You can transpose netCDF variables too large to fit in memory by using the nccopy utility, which is documented here:

http://www.unidata.ucar.edu/netcdf/docs/guide_nccopy.html

The idea is to "rechunk" the file by specifying what shapes of chunks (multidimensional tiles) you want for the variables. You can specify how much memory to use as a buffer and how much to use for chunk caches, but it's not clear how to use memory optimally between these uses, so you may have to just try some examples and time them. Rather than completely transpose a variable, you probably want to "partially transpose" it, by specifying chunks that have a lot of data along the 2 big dimensions of your slice and have only a few values along the other dimensions.

3
votes

This is a comment, not an answer, but I can't comment on the above, sorry.

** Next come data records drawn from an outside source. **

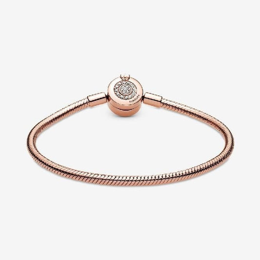 Moments Rose Sparkling Crown O Snake Chain Bracelet, 20cm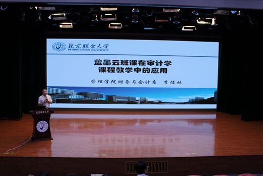 杨宜校长讲话 管理学院李俊林老师分享了《蓝墨云班课在审计学课程教学中的应用》教学案例。李老师通过在《审计学》课程中的教学改革,利用云班课程设计了新的教学模式,重构了课程教学内容,以现代技术方法提升了学生的学习效果,使得学生加强了课外学习,能够随时随地自主学习,培养了自学能力。北京蓝墨大数据技术研究院商桑院长作了《实施云教学大数据战略加快推进人才培养大数据化》讲座。商院长从教学信息化发展的四个阶段、云教学的概念和特征、中国课堂教学的三个新常态、课堂教学智能评价指标体系、做一个新时代的大数据分析型教师等方面进行了讲解,并利用云班课与参会教师进行了互动交流。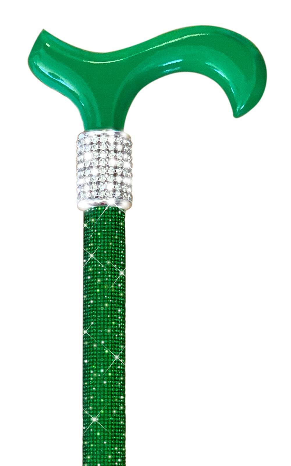 - BLINGED-OUT BALANCE: This stylish green rhinestone cane is made for walking and is a total fashion statement. Can accommodate up to 210 pounds. PLEASE NOTE: Canes come in three sizes: Small, Medium and Large. See sizing chart or scroll down on page for more details based on height IN SHOES. HELPFUL: For BEST FIT, compare cane height measurements to those of a cane you own that works for you. Makes a beautifully blinged out gift for a fashion conscious person resistant to using an ordinary cane.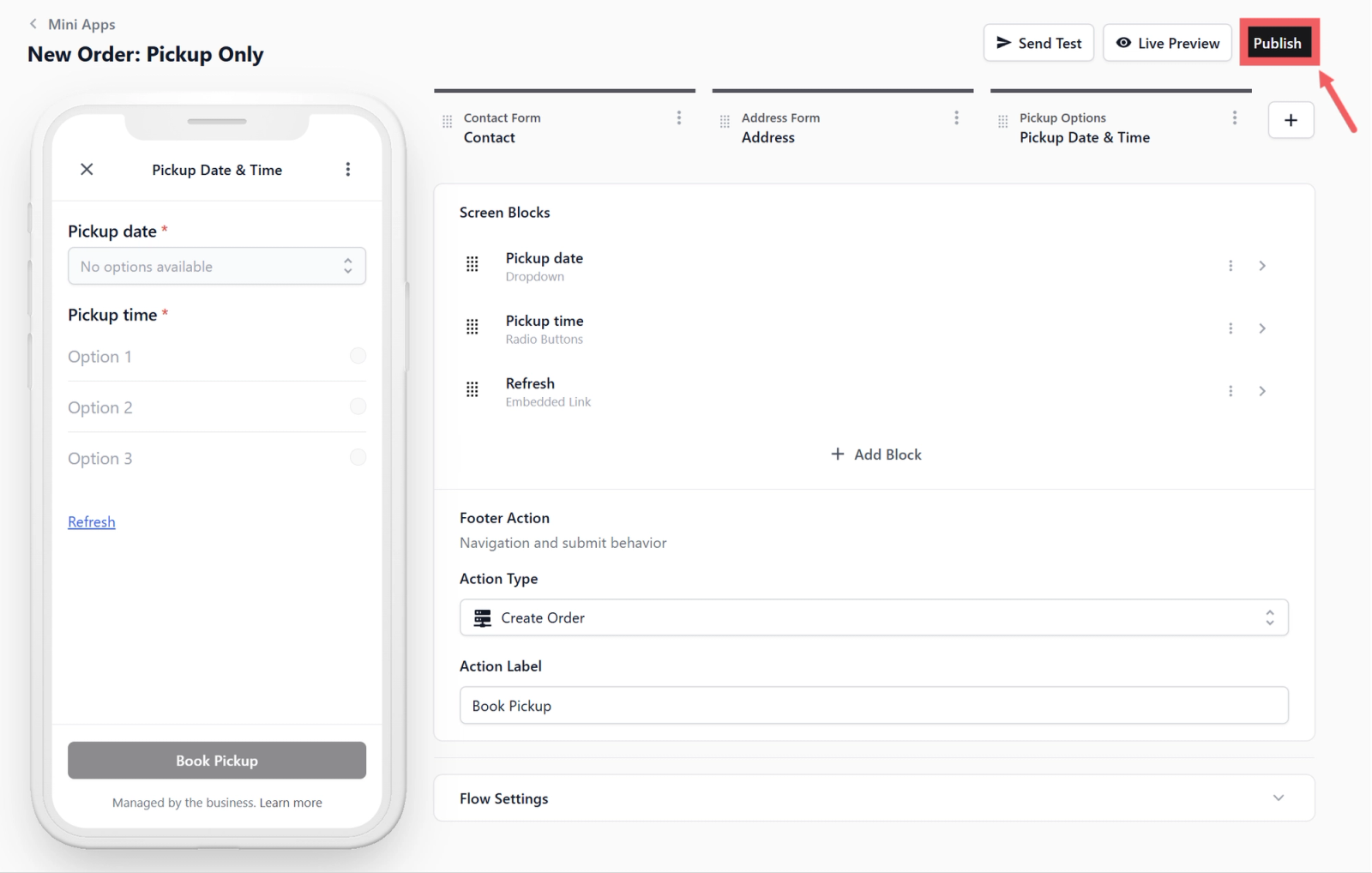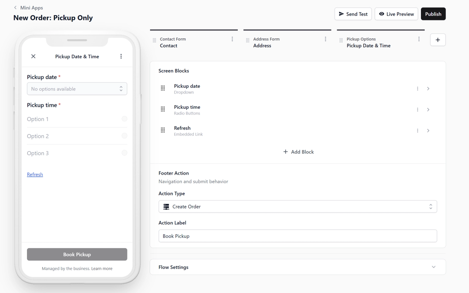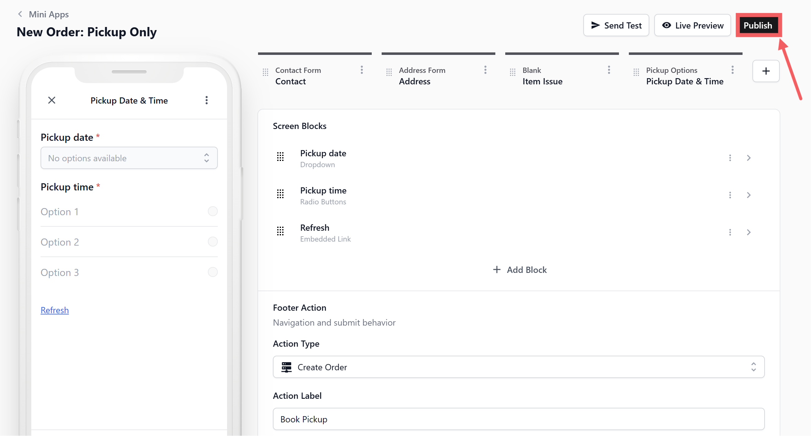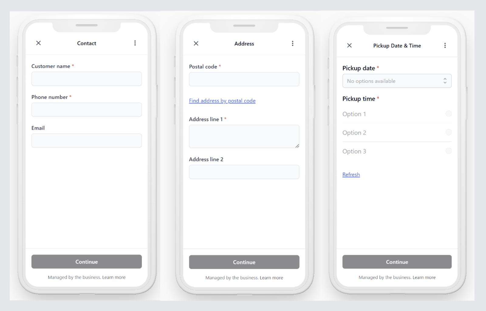 - Blocks Included: Pickup date dropdown, Pickup time options, and a "Refresh" link (in case they need to see the latest available time slots).

I understand that you want to process myvar[:,:,i], with i in range(450). In that case, you are going to do something like:

for i in range(450):
    myslice = myvar[:,:,i]
    do_something(slice)

and the bottleneck is in accessing myslice = myvar[:,:,i]. Have you tried comparing how long it takes to access moreslices = myvar[:,:,0:n]? It would be contiguos data, and maybe you can save time with that. You would choose n as large as your memory affords it, and then process the next chunk of data moreslices = myvar[:,:,n:2n] and so on.